Freedom to Marry, an organization lobbying for nationwide legislative approval of same-sex marriage, has launched a $1 million, multi-state campaign to build support for marriage equality in the south. Many local leaders in the region have joined the effort, called Southerners for the Freedom to Marry.

The effort will include “significant field and media work” over the next year in partnership with a dozen supportive organizations across the region. According to program materials, local politicians named as honorary co-chairs in the effort include:

  • Alabama: State Representative Patricia Todd (D)
  • Arkansas: Fayetteville Mayor Lionel Jordan (D)
  • Florida: Representative Ilena Ross-Lehtinen (R) 
  • Georgia: Atlanta Mayor Kasim Reed and Representative John Lewis (D)
  • North Carolina: Chapel Hill Mayor Mark Kleinschmidt (D)
  • South Carolina: Representative James Clybrun (D)
  • Texas: Representative Joaquin Casto (D)
  • Virginia: U.S. Senator Tim Kaine (D)

Asheville, N.C., Mayor Esther Manheimer (D) also recently joined the group.

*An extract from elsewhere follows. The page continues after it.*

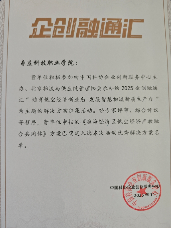 11月12日,“企创融通汇——2025低空经济智慧物流主题产业大会”在北京隆重召开。本次大会在中国科协企业创新服务中心指导下,由北京物流与供应链管理协会、北京物资学院、互联网采购供应链专委会、北京中关村留学人员创业园协会等多家权威机构联合主办。会上,由学校提报的《淮海经济区低空经济产教融合共同体》方案,被大会确认为“优秀解决方案”。

Citing 2010 Census Bureau data, Freedom to Marry reports same-sex couples raising children are more common in the South than in any other region of the country. A Freedom To Marry poll of registered voters in the south showed support for marriage equality in the region is now evenly split. The organization’s goal is to tip the balance. 

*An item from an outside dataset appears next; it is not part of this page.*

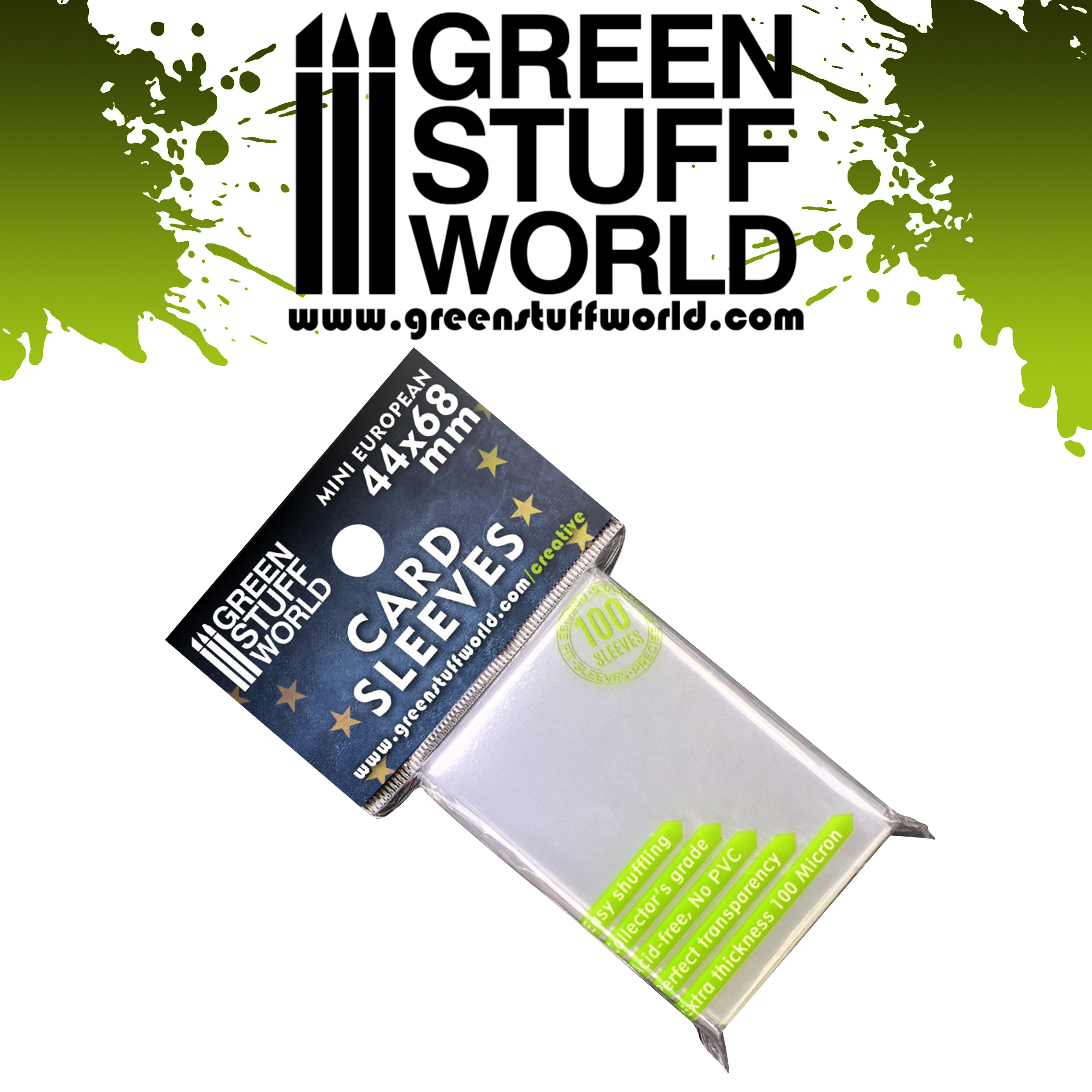 Профессиональные глянцевые протекторы для карт с прочными швами и толщиной 100 микрон для полной защиты. Абсолютно прозрачные, с текстурированной обратной стороной, что облегчает их использование при перемешивании и раздаче карт.

But if recent legislation proposed in the region is any indication, the battle may be hard-fought. HB 1023, Georgia’s Preservation of Religious Freedom Act, is rapidly moving through the state’s House of Representatives, and would allow individuals to refuse service to homosexuals based on individuals' religious convictions, according to The Atlanta Journal-Constitution.

The bill’s language is nearly identical to controversial legislation passed in Arizona earlier in the month, according to The Atlanta Journal-Constitution. CNN reports the bill will allow Arizona business owners the same authority to deny services based on religious convictions. It is expected that Arizona Gov. Jan Brewer will veto the legislation.

But similar bills have been introduced in Kansas, Tennessee, Oklahoma and others, according to The Atlanta Journal-Constitution. Supporters argue that by requiring a business owner to serve groups they object to on religious grounds, the state is violating that individual’s religious freedoms.  

However, the concern, according to the Anti-Defamation League, is that these types of bills will classify homosexuals and other “offensive” groups as second-class citizens.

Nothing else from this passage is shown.